For the reward phase of the task, note that although we hypothesized that reward phase conditions would significantly modulate regions such as striatum or dlPFC (based on previous research with other tasks [Wang et al., 2016]), this nonsignificant effect was a replication of the prior study's findings (Aupperle et al., 2015). This lack of an effect may be due to the timing of the task and how reward outcomes phases are presented immediately after the highly salient affective outcomes. Reliability analyses showed that the reward phase was the least reliable task phase with only 16.7% of ROIs showing at least fair reliability (ICCs ≥.40; average ICC of ROIs = 0.232/range of ICCs: .13–.58). It is therefore suggested that, unless there are modifications to the task, future applications should focus on decision‐making or outcome phases rather than the reward phase.

The average reliability coefficient found in the present study (average ICC: .33) is generally consistent with the review of findings detailed by Elliott et al. (2020; average ICC .397). However, we disagree with the outright notion that ROI‐based approaches to fMRI data cannot yield reliable results. The process of refining and optimizing measurement approaches to yield data with improved reliability and validity is a necessary approach within any field of science, including human neuroimaging (Poldrack et al., 2016).
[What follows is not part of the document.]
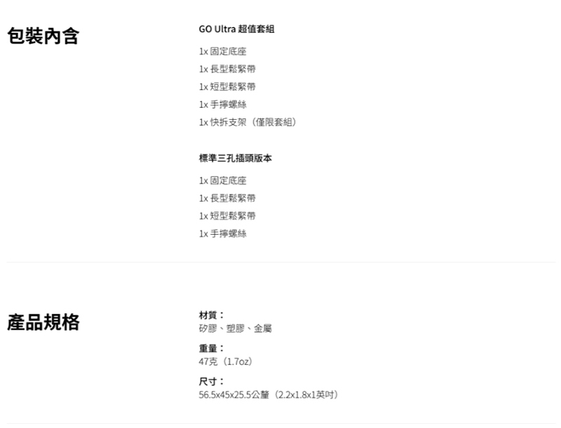 .包含底座、兩條鬆緊帶與一個拇指螺絲。
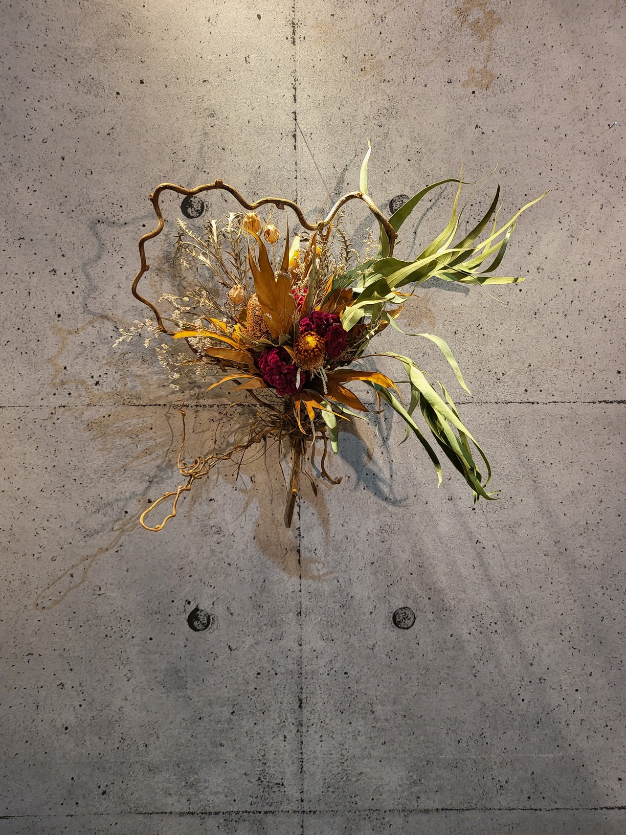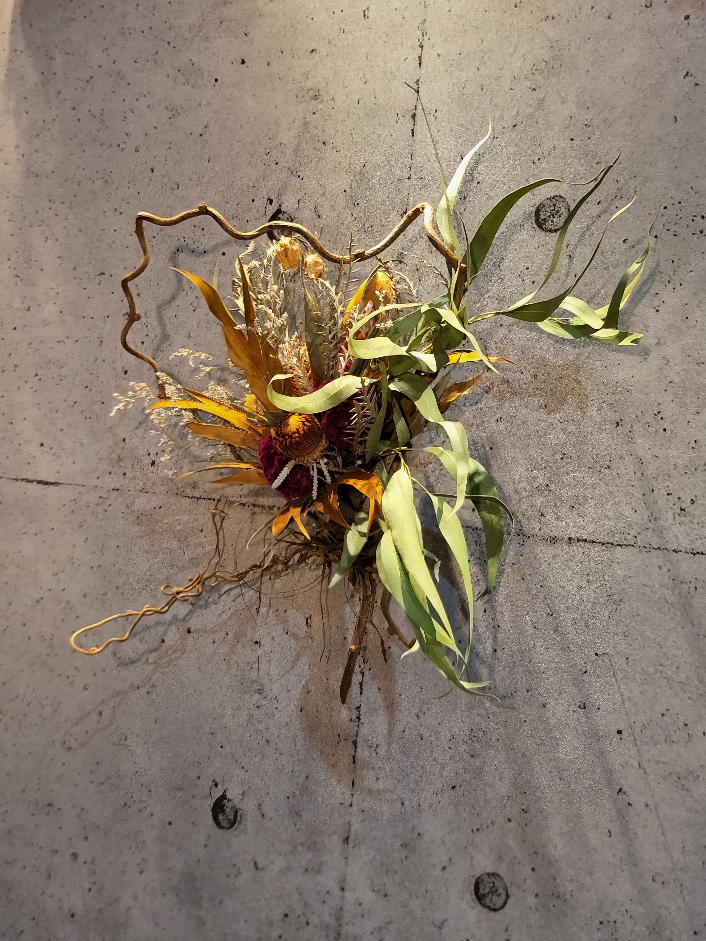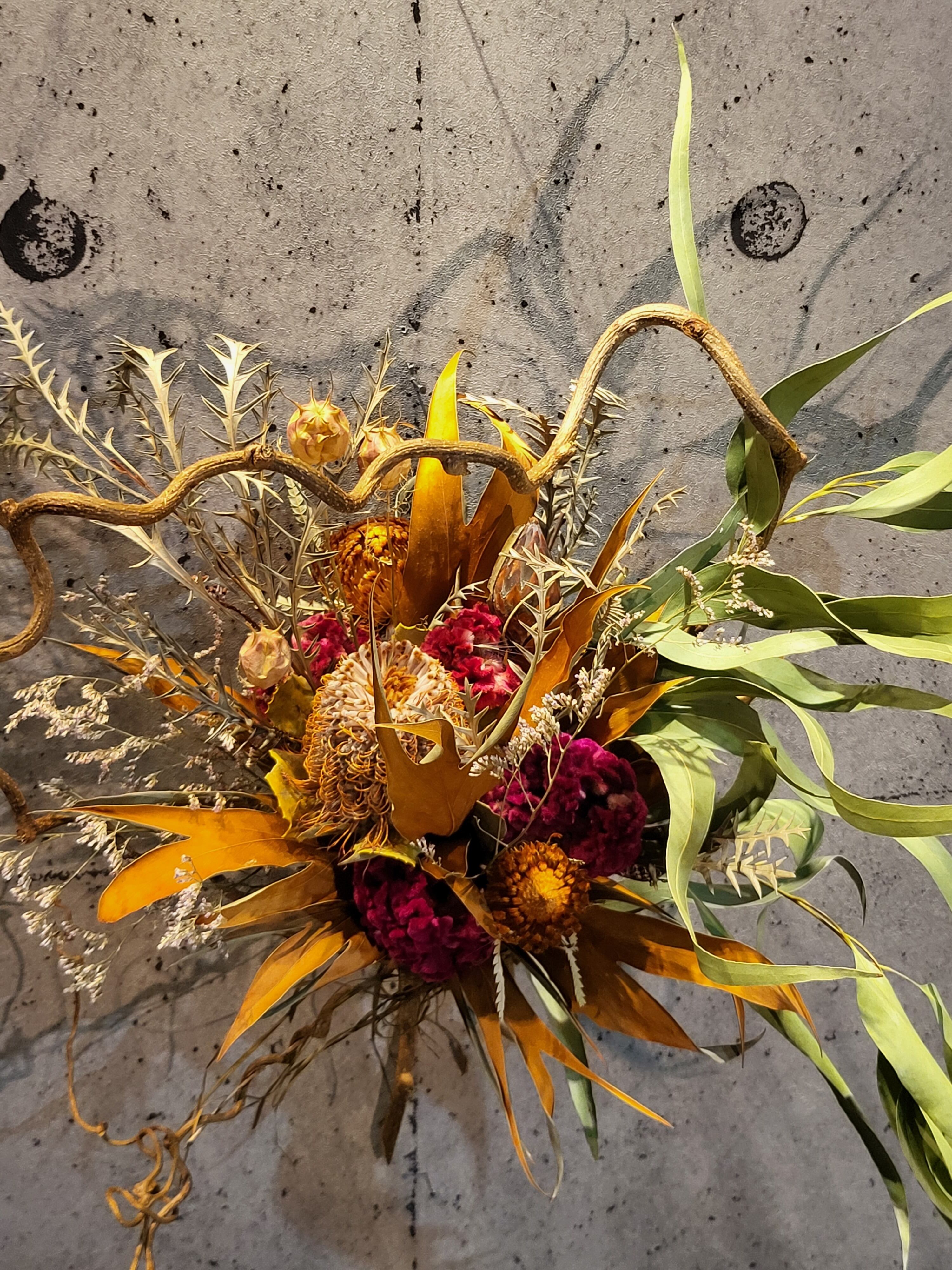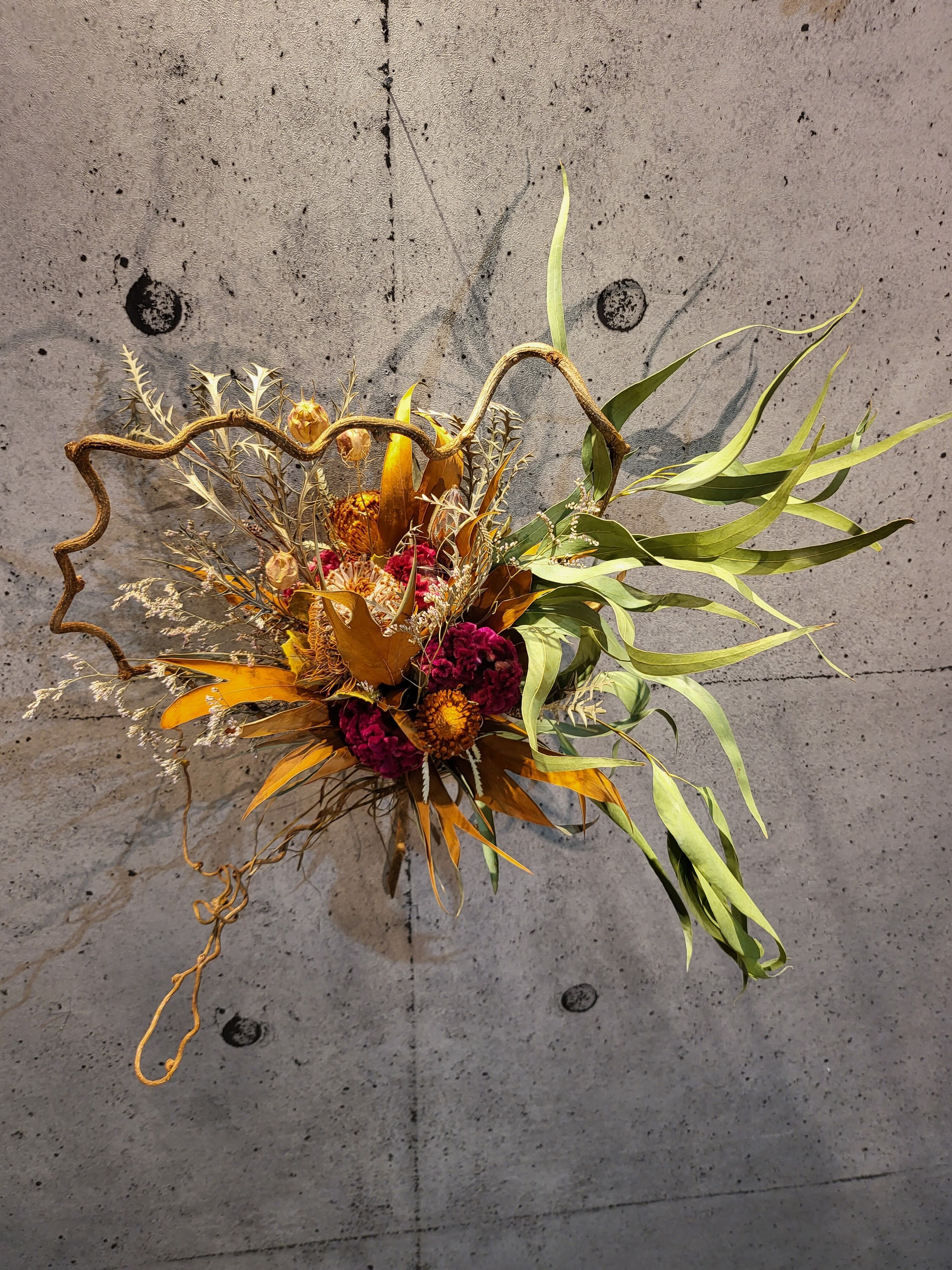 ケイトウ、バンクシア、ユーカリ、グレビレア等で当ショップ独自のオリジナルデザインで作製致しました。

Broad statements of fMRI methodology as being inherently unreliable could lead to problematic conclusions, as evidenced in a recent popular media article (Cohen, 2020) that states “every brain activity study you've ever read is wrong” when reporting on findings from the Elliott et al. (2020) meta‐analysis. As these meta‐analytic findings are appropriately concerning though, fMRI studies should focus on improving reliability. Note that alternative data analytic approaches present another possible solution to yield more reliable fMRI findings (e.g., multivariate pattern analysis; Kragel et al., 2020), but the differences in the interpretation and potential applicability of these approaches should be considered when using these approaches (Hebart & Baker, 2018). While guidelines suggest that ICCs ≥.60 are optimal for reliability (Fleiss, 1986), the reliability cutoff for neuroimaging approaches, such as fMRI, may need to be lowered (e.g., ICCs ≥.40) as these approaches provide information that cannot be obtained with other measurement tools. Last, other confounding factors could alter the measurement between time points that are not attributable to measurement error but also are not consistent across the group (e.g., the current mental state of the individual). While others have suggested that such confounding factors should be controlled for in the study design (Bennett & Miller, 2010), this is not always possible or even ideal, such as when the task is focused on domains of processing that are intricately linked with one's mental state. The results herein suggest that fMRI tasks can be designed to have sufficient reliability, and specific ways of quantifying brain activity can be identified that result in sufficient reliability.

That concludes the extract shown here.